Every entry should be returned unchanged, with the pictures omitted.

+-------+

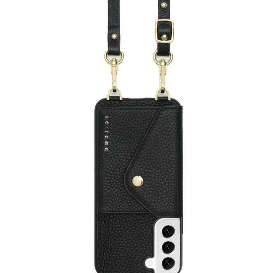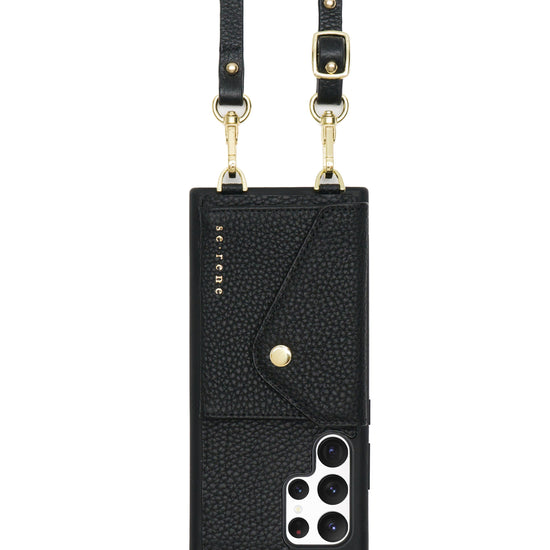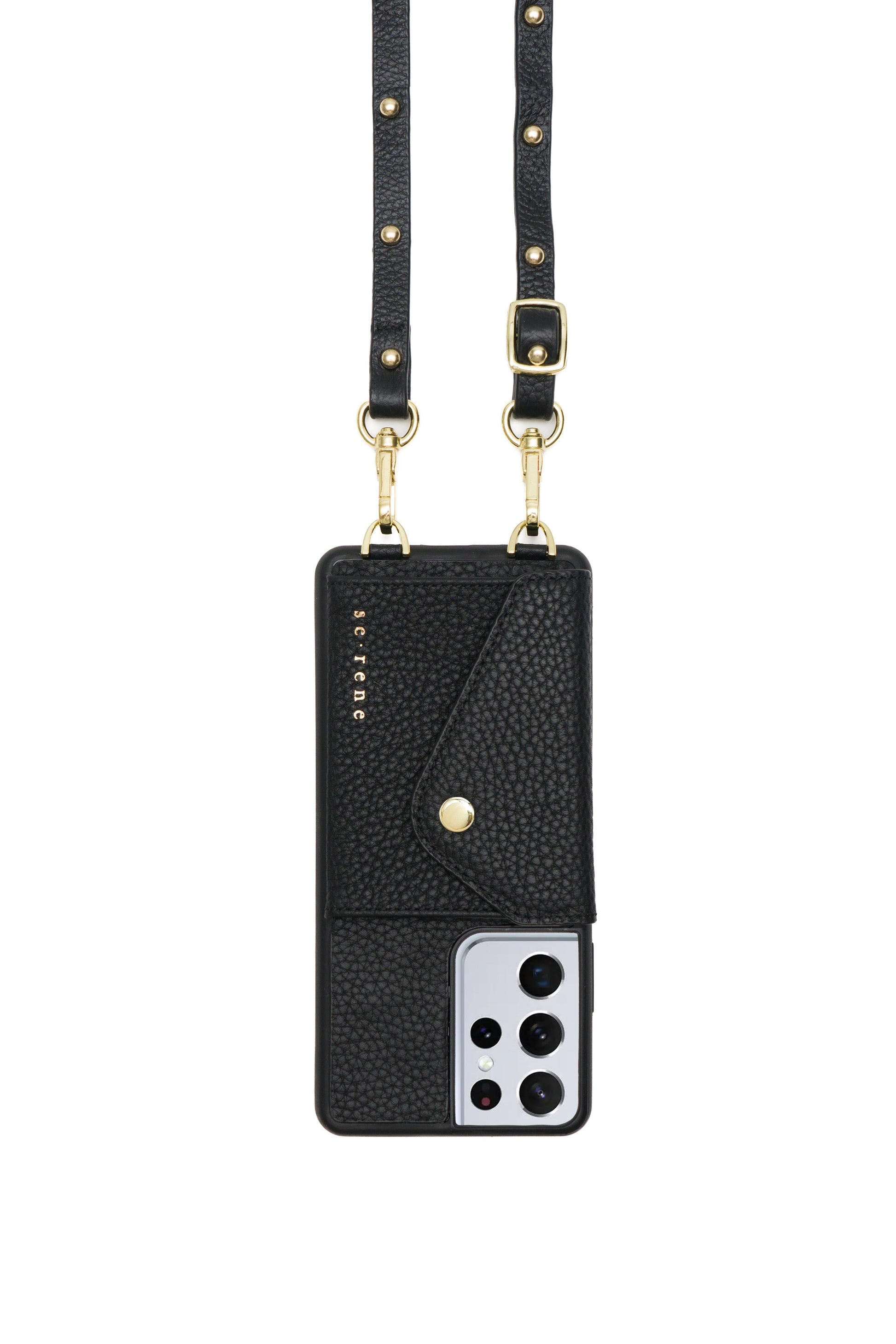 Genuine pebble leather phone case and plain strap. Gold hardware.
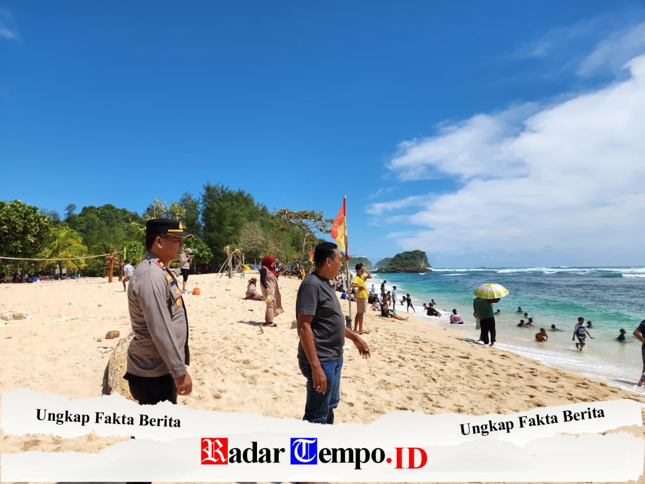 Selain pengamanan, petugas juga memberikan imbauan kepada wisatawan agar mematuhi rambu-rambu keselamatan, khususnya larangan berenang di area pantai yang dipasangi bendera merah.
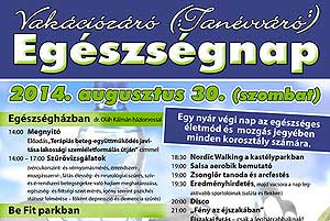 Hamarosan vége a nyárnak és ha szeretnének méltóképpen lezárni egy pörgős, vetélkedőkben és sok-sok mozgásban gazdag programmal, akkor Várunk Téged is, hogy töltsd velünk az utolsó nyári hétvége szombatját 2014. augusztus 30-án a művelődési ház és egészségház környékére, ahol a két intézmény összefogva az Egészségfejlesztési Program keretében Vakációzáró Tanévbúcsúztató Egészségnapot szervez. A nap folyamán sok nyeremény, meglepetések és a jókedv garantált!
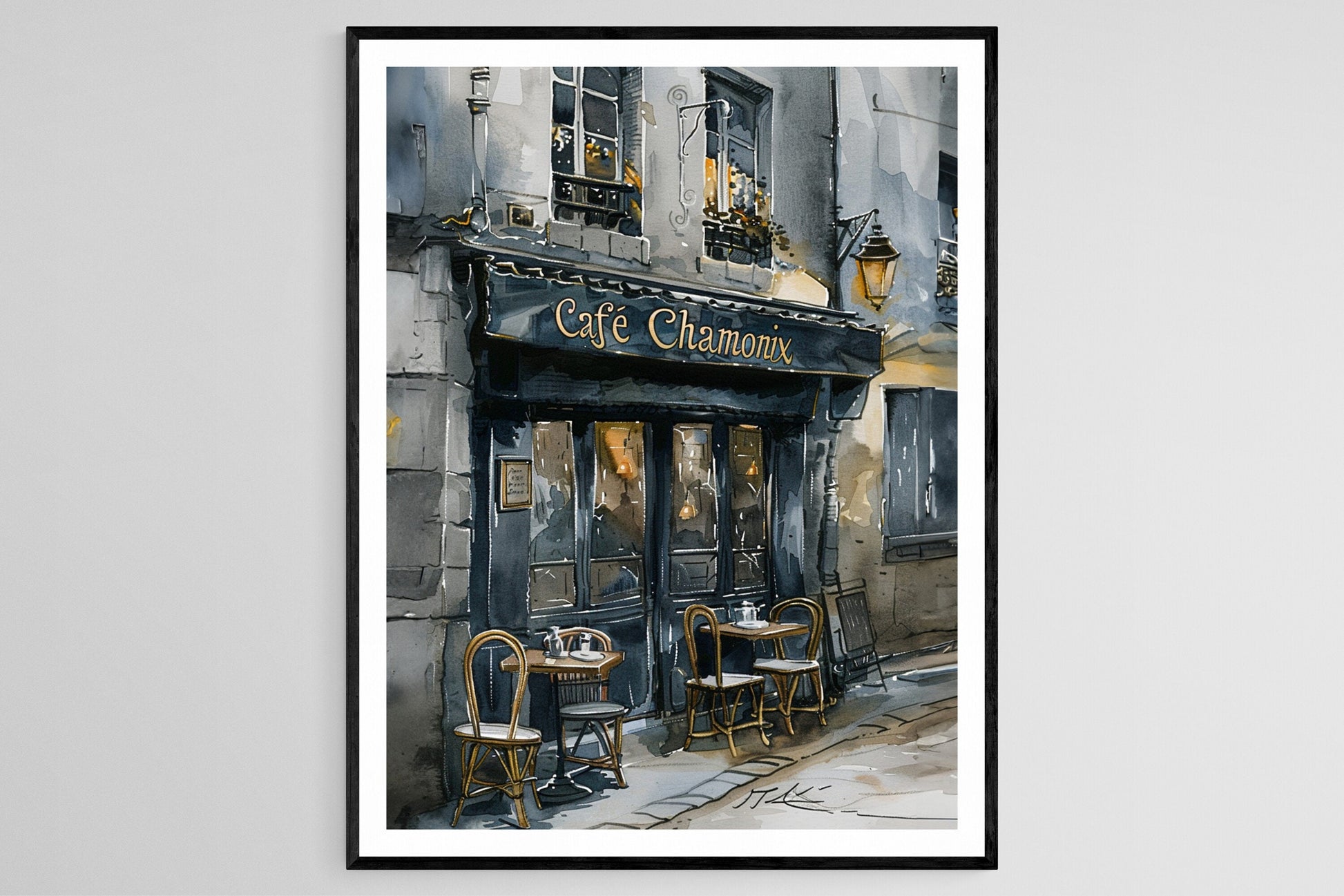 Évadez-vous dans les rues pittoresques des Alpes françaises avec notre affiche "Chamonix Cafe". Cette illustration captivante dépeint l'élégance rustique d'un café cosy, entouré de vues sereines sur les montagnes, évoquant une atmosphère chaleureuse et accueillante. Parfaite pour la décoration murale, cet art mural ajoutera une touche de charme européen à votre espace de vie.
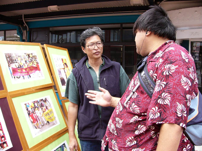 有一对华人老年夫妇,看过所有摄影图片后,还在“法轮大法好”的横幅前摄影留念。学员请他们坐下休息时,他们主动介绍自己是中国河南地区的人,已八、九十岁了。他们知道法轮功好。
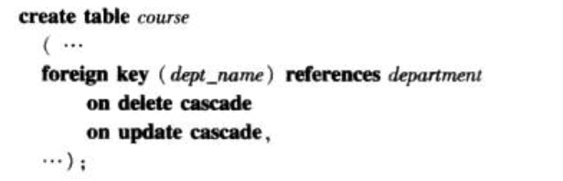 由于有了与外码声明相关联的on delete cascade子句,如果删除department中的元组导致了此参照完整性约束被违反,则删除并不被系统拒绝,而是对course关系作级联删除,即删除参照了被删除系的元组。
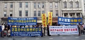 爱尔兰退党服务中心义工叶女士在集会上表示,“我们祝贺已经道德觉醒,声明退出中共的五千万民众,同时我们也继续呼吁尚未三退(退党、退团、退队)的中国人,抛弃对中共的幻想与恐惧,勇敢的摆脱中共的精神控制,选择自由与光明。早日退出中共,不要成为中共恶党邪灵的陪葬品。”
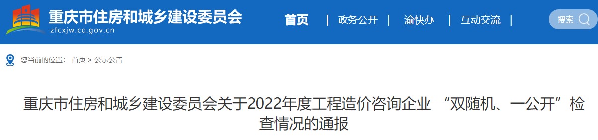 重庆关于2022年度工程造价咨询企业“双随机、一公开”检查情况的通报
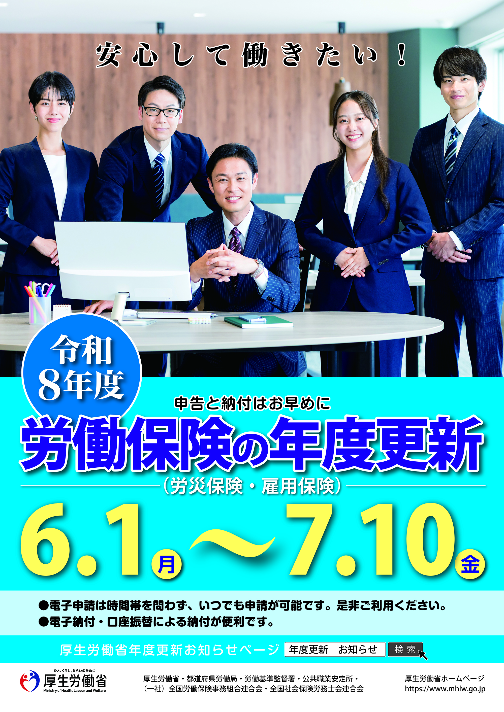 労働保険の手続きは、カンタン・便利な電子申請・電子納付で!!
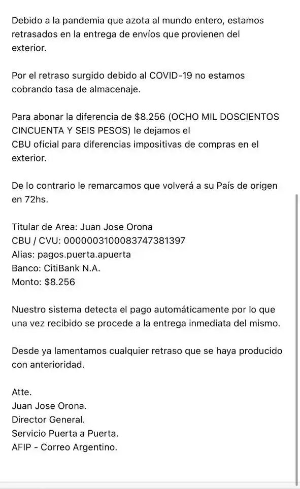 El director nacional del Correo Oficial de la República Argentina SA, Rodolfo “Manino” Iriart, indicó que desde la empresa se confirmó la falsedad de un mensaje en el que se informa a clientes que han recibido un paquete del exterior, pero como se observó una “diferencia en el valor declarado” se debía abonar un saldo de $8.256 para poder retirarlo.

+-------+

* Exercise solution
 Genuine pebble leather phone case and plain strap. Gold hardware.
 Selain pengamanan, petugas juga memberikan imbauan kepada wisatawan agar mematuhi rambu-rambu keselamatan, khususnya larangan berenang di area pantai yang dipasangi bendera merah.
 Hamarosan vége a nyárnak és ha szeretnének méltóképpen lezárni egy pörgős, vetélkedőkben és sok-sok mozgásban gazdag programmal, akkor Várunk Téged is, hogy töltsd velünk az utolsó nyári hétvége szombatját 2014. augusztus 30-án a művelődési ház és egészségház környékére, ahol a két intézmény összefogva az Egészségfejlesztési Program keretében Vakációzáró Tanévbúcsúztató Egészségnapot szervez. A nap folyamán sok nyeremény, meglepetések és a jókedv garantált!
 Évadez-vous dans les rues pittoresques des Alpes françaises avec notre affiche "Chamonix Cafe". Cette illustration captivante dépeint l'élégance rustique d'un café cosy, entouré de vues sereines sur les montagnes, évoquant une atmosphère chaleureuse et accueillante. Parfaite pour la décoration murale, cet art mural ajoutera une touche de charme européen à votre espace de vie.
 有一对华人老年夫妇,看过所有摄影图片后,还在“法轮大法好”的横幅前摄影留念。学员请他们坐下休息时,他们主动介绍自己是中国河南地区的人,已八、九十岁了。他们知道法轮功好。
 由于有了与外码声明相关联的on delete cascade子句,如果删除department中的元组导致了此参照完整性约束被违反,则删除并不被系统拒绝,而是对course关系作级联删除,即删除参照了被删除系的元组。
 爱尔兰退党服务中心义工叶女士在集会上表示,“我们祝贺已经道德觉醒,声明退出中共的五千万民众,同时我们也继续呼吁尚未三退(退党、退团、退队)的中国人,抛弃对中共的幻想与恐惧,勇敢的摆脱中共的精神控制,选择自由与光明。早日退出中共,不要成为中共恶党邪灵的陪葬品。”
 重庆关于2022年度工程造价咨询企业“双随机、一公开”检查情况的通报
 労働保険の手続きは、カンタン・便利な電子申請・電子納付で!!
 El director nacional del Correo Oficial de la República Argentina SA, Rodolfo “Manino” Iriart, indicó que desde la empresa se confirmó la falsedad de un mensaje en el que se informa a clientes que han recibido un paquete del exterior, pero como se observó una “diferencia en el valor declarado” se debía abonar un saldo de $8.256 para poder retirarlo.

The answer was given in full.